More about raising rabbits in the heat...

http://riseandshinerabbitry.com/2012/04/22/tips-for-raising-rabbits-in-the-heat/


----------



## ArizonaJake

How do you make a underground shelter whats it look like?


----------



## Grimm

ArizonaJake said:


> How do you make a underground shelter whats it look like?


http://www.raising-rabbits.com/cooling-rabbits.html

https://www.google.com/search?q=und...AS55AI&ved=0CB4QsAQ&biw=1099&bih=599#imgdii=_


----------



## cowboyhermit

Grimm said:


> http://animals.pawnation.com/cant-bunnies-wet-9034.html


That link confirms what logic would lead me to think. Wet rabbits will get colder, not hotter, but that doesn't make it healthy.


----------



## Grimm

cowboyhermit said:


> That link confirms what logic would lead me to think. Wet rabbits will get colder, not hotter, but that doesn't make it healthy.


I agree. That is why I posted the link.


----------



## Dakine

ahhhh the best part of a day off! cleaning cages and sorting the hay out of the poop! 

at least all the holes are dug for putting in the new hutch, digging through a couple feet of clay is not fun, I will be buying the post hole augur from Harbor Freight before I build another big hutch.


----------



## LincTex

Dakine said:


> digging through a couple feet of clay is not fun, I will be buying the post hole augur from Harbor Freight before I build another big hutch.
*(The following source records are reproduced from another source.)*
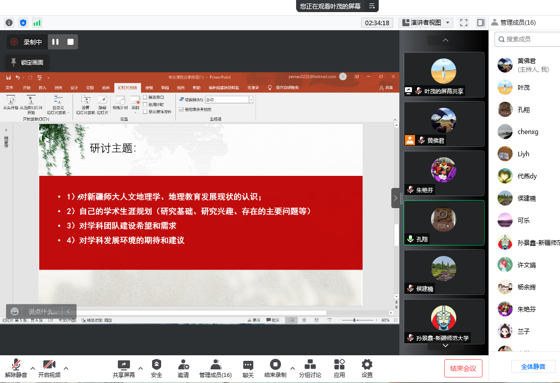 邀请华东师范大学城市与区域科学学院副院长、天池特聘教授孔翔老师于4月10日开展了线上“人文地理学暨边疆地理教育团队建设恳谈会”,本次会议由学院副院长叶茂、人文地理学系主任黄佛君共同主持,学院15位青年教师参加。
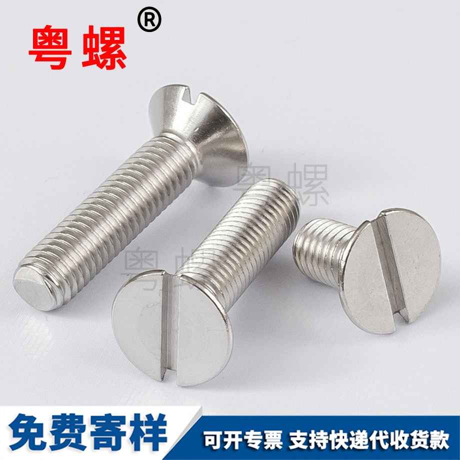 粵螺訂做304不銹鋼 沉頭螺絲 一字螺釘 平頭開槽螺栓 M5
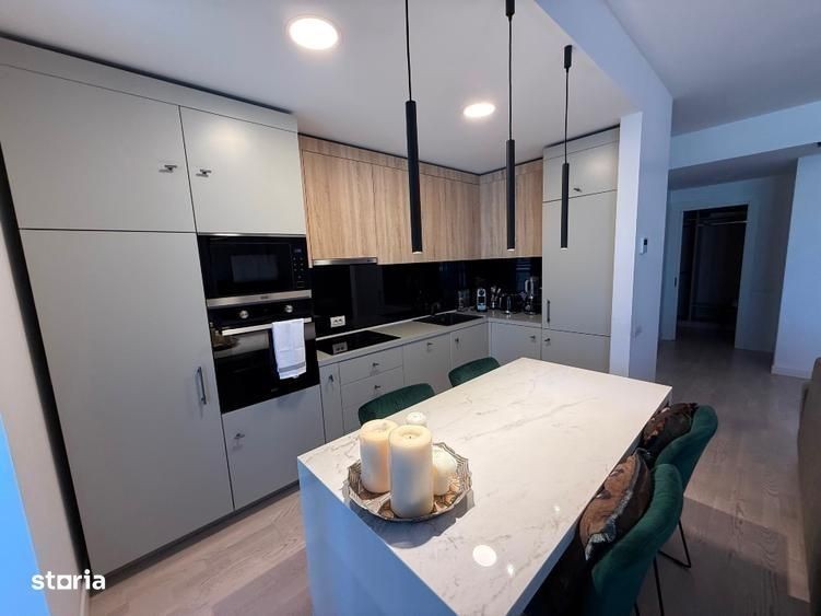The Real Estate Agency vă propune spre închiriere un apartament elegant și spațios cu 3 camere, situat la etajul 2 al unui imobil nou (finalizat în 2020), aflat pe strada Erou Iancu Nicolae. Suprafață utilă: 110 mp Balcon: 19,9 mp, închis, cu vedere deschisă Etaj: 2 din 3 Compartimentare: Living generos cu bucătărie open space Două dormitoare confortabile Dressing spațios Două băi moderne Hol bine organizat Mobilare și utilare: complet mobilat și echipat cu electrocasnice moderne Finisaje: premium, cu atenție la detalii. Beneficii: Balcon închis, spațios, ideal pentru relaxare sau lucru de acasă Loc de parcare inclus în preț Apartament luminos și bine compartimentat Mobilier și electrocasnice moderne, gata de mutat imediat. Localizare și facilități în zonă: Stradă liniștită, cu acces rapid către școli și grădinițe internaționale (Cambridge, Mark Twain, British School, American School) Aproape de restaurante, cafenele, centre comerciale (Jolie Ville, Băneasa Shopping City, Ikea) Acces facil către aeroport și zona de business Pipera-Floreasca Acest apartament reprezintă alegerea ideală pentru o familie sau un cuplu care își dorește un cămin modern, spațios și bine poziționat, în una dintre cele mai exclusiviste zone rezidențiale din Voluntari. La prețul afișat se adăuga TVA!

If it is like Texas clay, don't bother - I tried it and it doesn't work.

*THIS does: * 
http://www.harborfreight.com/18-lb-pinch-point-bar-95971.html










I like this one, too:
http://www.harborfreight.com/17-lb-digging-bar-with-tamper-93612.html

*
One of these is the Bee's Knees - I LOVE having one!!*


----------



## Dakine

HA! I'm jealous of your augur! 


Yep, that's almost exactly what I used, Harbor Freight has the digging bars on clearance and I got the one with a blade edge on one side and a pointed edge on the other. It says 17 lbs but after using that to dig a 2' hole in the clay I'd swear they were off by a few... hundred. 

I'm working out the design of the next BunnyBunker in my head right now and I'm going to be buying the HF augur and the accessory 6" bit for it. No more of this clay digging crap!!!

The model BunnyBunker 5000 is going to be single story, as opposed to the 4000 which is like a condo lol I get another doe for my Satin buck in a couple weeks and I want to get another doe for the Cali buck in a month or so... probably start building the BB5k in a few weeks.

I mated the Cali's today too while I was out there, so hopefully I'll be having rabbit for dinner in 3 months!


----------



## Dakine

well I was going to try again after about 3.5 hours, I've read and seen youtubes that recommend having them try several times but she was grunting at me, and started biting him right away several times so I put them back in their cages. 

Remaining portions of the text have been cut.